К тому времени, когда вы нашли меня на болоте, я уже вполне был знаком со всеми обстоятельствами, только у меня не было в руках дела, которое я мог бы представить в суд присяжных. Даже покушение Стэплтона на жизнь сэра Генри в ту ночь, когда погиб несчастный каторжник, не много нам помогло для доказательства замышляемого против нашего клиента убийства. Не оставалось другого выхода, как схватить убийцу на месте преступления, а для этого нам нужно было пустить сэра Генри как приманку, одного, и по-видимому, беззащитного. Мы так и сделали и ценою сильного потрясения, нанесенного нашему клиенту, нам удалось закончить дело и довести Стэплтона до погибели. Я должен признаться, что можно поставить в упрек моему ведению дела то, что я подверг сэра Генри такому испытанию, но мы не имели возможности предвидеть страшного и потрясающего зрелища. которое представила собака, а также не могли предвидеть тумана, который дал ей возможность неожиданно выскочить на нас. Мы достигли своей цели ценою, которую оба врача – и специалист, и доктор Мортимер – положительно считают преходящей. Длинное путешествие даст возможность нашему другу не только укрепить расшатанные нервы, но излечит и сердечные раны. Его любовь к миссис Стэплтон была глубока и искренна, и для него самою печальною стороною этого мрачного дела является тот факт, что он был обманут ею.
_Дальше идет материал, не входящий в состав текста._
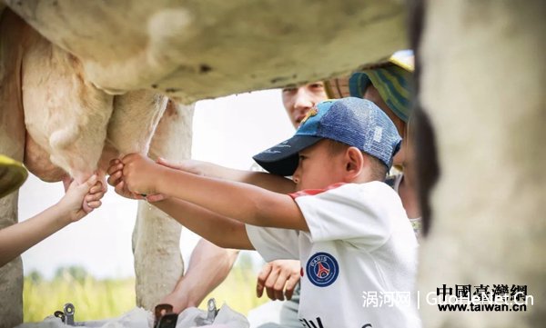家长与孩子一道体验挤牛奶。(图片来源:四川省台办)

– Остается мне только указать, какую роль она играла во всем этом деле. Не может быть сомнения, что Стэплтон имел на нее влияние, которое можно объяснить или любовью или страхом, а может быть, и тем и другим вместе, так как, эти оба чувства вполне совместимы. Во всяком случае, влияние его было вполне действительное. По его приказанию она согласилась слыть за его сестру, хотя его власти над нею были положены границы, когда он пытался сделать из нее прямую пособницу в убийстве. Она готова была предостерегать сэра Генри настолько, насколько могла, не выдавая своего мужа, и она не раз пробовала это делать. Сам Стэплтон как будто был способен ревновать, и когда увидел, что баронет ухаживает за его женою, хотя это и входило в его планы, он не мог не прервать этого ухаживания страстной вспышкой, обнаружившей пламенную душу, которую он так умело скрывал под своим самообладанием. Поощряя дружеские отношения, Стэплтон был уверен, что сэр Генри будет часто приходить в Меррипит-гауз, и что рано или поздно он дождется желаемого удобного случая. Но когда настал критический момент, жена вдруг восстала против него. Она кое-что прослышала о смерти беглого каторжника и знала, что собака будет заперта в сарай в тот вечер, когда сэр Генри должен был прийти обедать. Она обвинила мужа в замышляемом убийстве, а затем последовала дикая сцена, во время которой он впервые сказал ей, что у нее есть соперница в его любви. Ее верность сразу превратилась в сильную ненависть, и он увидел, что она непременно выдаст его. Поэтому он связал ее, чтобы лишить возможности предостеречь сэра Генри, и надеялся, конечно, что когда вся страна припишет смерть баронета родовому проклятию (что непременно должно было случиться), он снова одержит победу над женою, заставив ее примириться со свершимся фактом и хранить молчание относительно всего, что она знает. Мне кажется, что в этом отношении он ошибался в расчете, и если бы нас даже и не было на месте, его приговор все-таки был бы подписан. Женщина с испанской кровью в жилах не так легко прощает подобное оскорбление… A теперь, милый Ватсон, я не могу, не прибегая к своим заметкам, дать вам более подробный отчет об этом любопытном деле. Мне кажется, что ничего важного не осталось необъясненным.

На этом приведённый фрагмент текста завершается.